For federalism wonks — and hell, who isn’t — this is a fascinating exercise in the contradictions of such. Canada was genuinely federal until the 1960s, a product of the country’s origins as a fusion of Ontario and Quebec — two very different societies. But the federal government acquired more power (over social policy etc) under Pierre Trudeau, in the ’60s (except for Quebec, which was given further concessions).

First-past-the-post voting and three-party contests deliver clean sweeps and wipe-outs on a regular basis. Provinces, that were once united by being Anglo-Celtic, are now divided as Ontario and Quebec cement further as metropolitan centres. This happens in a lot of federations, but what makes Canada different is that it didn’t federate all at once.

The founding provinces of 1867 were joined by British Columbia and two others a few years later, territories became provinces in 1905, Newfoundland was a separate country until 1949 (sort of), and First Nations province Nunavut was established in 1999.

Canada does not have, at its root, the illusion that it could not be otherwise than it is. What makes Alberta and Saskatchewan still more distinct is their politics, for in the 1920s to the 1950s, they were the only place where the movement of Social Credit took real hold.

A pre-wonks wonk movement of the 1920s, Social Credit advocated for an early universal basic income and the social control of banking, to recognise the intangible contribution of co-operative intellect to the capital base, and restore purchasing power.

Why haven’t you heard of this prescient theory? Because its inventor, Major Douglas, was a fantastic anti-Semite who said essential to his theory was the belief that private banking was akin to the Jews recrucifying Christ. So after 1945, erm yeah…

Nevertheless, Social Credit governments in Alberta and social democrats in Sasketchewan were world-famous in the Depression, and delivered on social welfare and state ownership. Alas, the complex radicalism of the era has, as elsewhere, yielded to a politics of cultural ressentiment, dependent on the eternal resources fairy tree.

The provinces are therefore the very opposite of plural capital-rich environments; like Queensland, pipeline promises have not only sucked out traditions of innovation, but they have undermined cultures of regional self-reliance.

Interestingly, southern Queensland and northern NSW/New England were the only places in Australia where Social Credit gained traction, underpinning one iteration of the New England secession movement of the time. The League of Rights adopted the idea and it echoes down rural politics today — one reason why Barnaby Beetrooter was babbling about usury and US default during his hilarious turn as shadow finance minister.

But, the western provinces won’t be seceding, not least because British Columbia, centred around hipster Vancouver (God I love that city, hmmm I might move there, why haven’t I already?) ain’t going, which would mean no port. And because of course the whole idea is crackers. For the moment.

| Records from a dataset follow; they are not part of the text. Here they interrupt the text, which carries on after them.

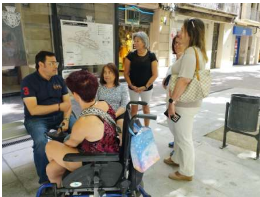
PRESENTACIÓ PARADA AUTOBÚS ADAPTADA A LA RAMBLA D'IGUALADA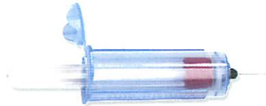
Porta-tubo para muestras sanguíneas VanishPoint®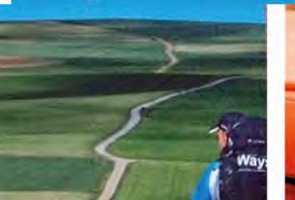
Il libro del campione di orienteering

tino e in Alto Adige in un volume ricco anche di documentazione iconografica (Curcu & Genovese, 16 euro). "Arte trentina del XX secolo" di Maurizio Scudiero (edizioni Uct, 50 €) è invece una ricognizione per decenni tra artisti, correnti e movimenti: un panorama che merita di essere con conosciuto, al di là di Fortunato Depero superstar, per capirci. Per la narrativa a chilometro zero due titoli al di fuori delle convenicole. Letture aspre, appaganti. Il trentino Giacomo Sartori firma "Rogo" (CartaCanta, 14 €), tre storie di donne attraverso i secoli. Nella impeccabile traduzione di Stefano Zangrando le edizioni Alfabeta propongono invece "Il delta" (14 €) di Kurt Lanthaler , uno dei maggiori scrittori altoatesini di lingua tedesca. Passioni, dolori, malinconie lungo il Po e anco-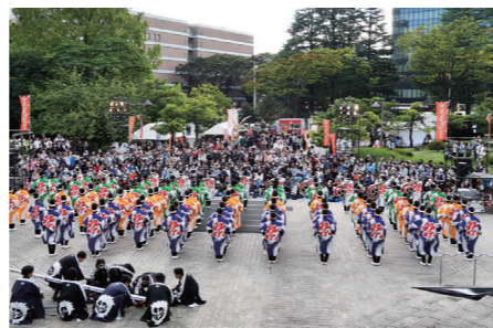
チームの演舞の様子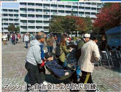
マンション自治会による防災訓練

いつ起こってもおかしくない災害に備え防災訓練を行ったり、犯罪抑止に効果のある防犯パトロール、交通安全運動など地域の安全を守っています。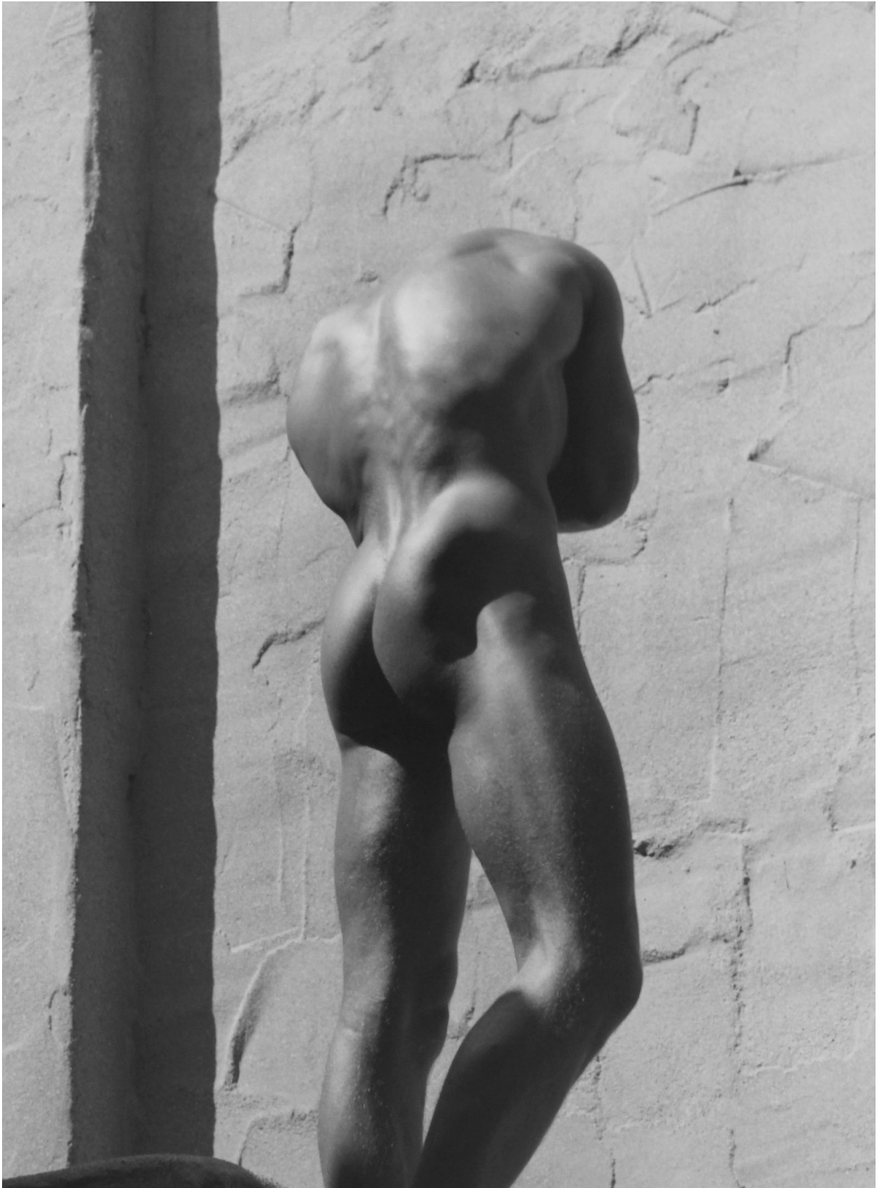
Herb Ritts, Headless Nude, Silverlane, 1984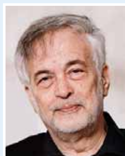
Shimon Barak, Tel-Aviv Az Alapellátó Gyermekorvosok Európai Szervezetének (ECPCP) elnöke

Az Alapellátó Gyermekorvosok Európai Szervezetének (ECPCP) elnöki posztját szeptembertől Shimon Barak, Tel-Avivban élő alapellátó gyermekorvos tölti be. Munkájához ezúton is sok sikert, jó egészséget kívánunk. Részben kinevezése kapcsán, részben pedig az alapellátás hazai átszervezésének terve körüli hírek, hírfoszlányok miatt érezzük aktuálisnak a leendő elnök egyik legutóbbi, a gyermek-alapellátás 21. századi kihívásaival foglalkozó közleménye rövidített változatának közlését. A téma fontosságát és aktualitását bizonyítja néhány megkérdezett alapellátó gyermekorvos kolléga véleménye, amelyekből kommentárként idézünk egy-egy kiragadott gondolatot.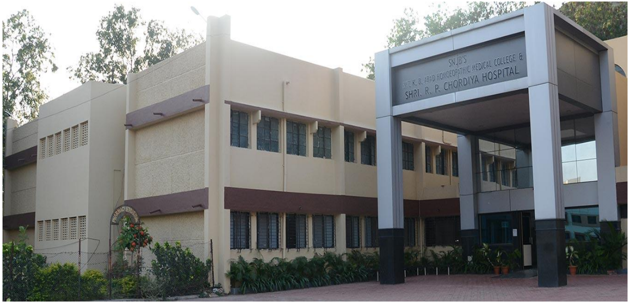
R. P. Chordiya Hospital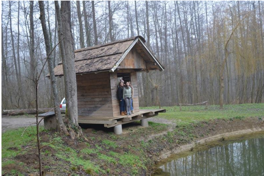
Slika 7: Hišica na Gosijaku

Podobna hišica, kot je nekoč stala na Negovskem jezeru, stoji tudi ob grajskem ribniku imenovanem Gosijak. To hišico smo si člani turističnega krožka ogledali in bili nad njo navdušeni. Kako lepo bi še bilo, če bi takšna hišica spet krasila Negovsko jezero.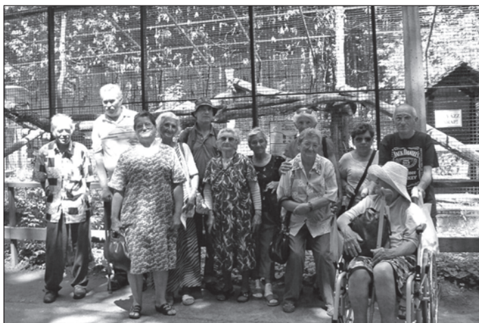
A kirándulók kis csapata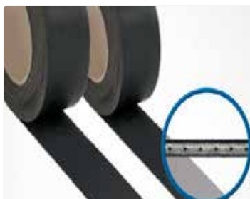
Protección contra los rayos X equipajes y mercancías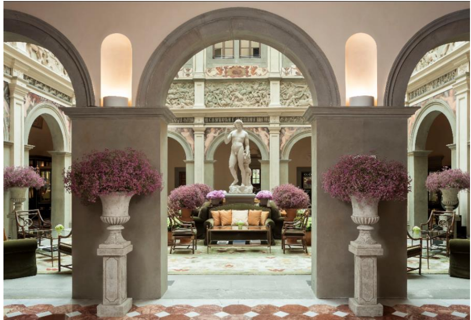
佛罗伦萨四季酒店的庭院式大堂，坐拥绝佳采光，精致的浮雕图案随处可见。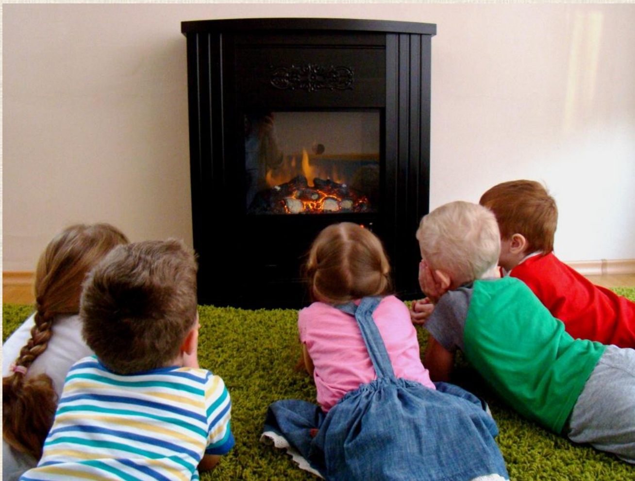
Камин – имитация пламени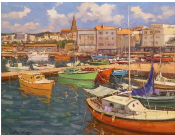
Des del club nàutic. Oli sobre tela

Costa Sobrepera ha estat el guanyador de la convocatòria 2014 d'exposicions artístiques temporals del Museu de la Pesca. La mostra estarà oberta al públic del 12 de desembre de 2014 fins a l'1 de febrer de 2015. L'entrada és lliure i els horaris són els d'obertura del Museu de la Pesca.

But the renewed chatter of secession reminds one — if reminder were necessary — that the modern nation-state, federated or otherwise, the child of the railway and the telegraph, is coming to grief as its corporate and culture elites centralise power and regionalise poverty and exclusion.

The US has no legal secession process, otherwise it would have come apart by now; Canada’s, I kid you not, Clarity Act, allows secession, but only with the full nation’s permission — including the separate permission of the convoked First Nations (why don’t we all live in Canada?).

In Australia, secession requires permission of the other states. Queensland, just ask. Just ask. The answer’s yes. Curse of a goddamn single continent: we’re stuck with each other.

Whether Canada is, we’ll find out, as Alberta’s proud cry — “Liberty! If it’s alright with the rest of you!” — rings out across the prairies.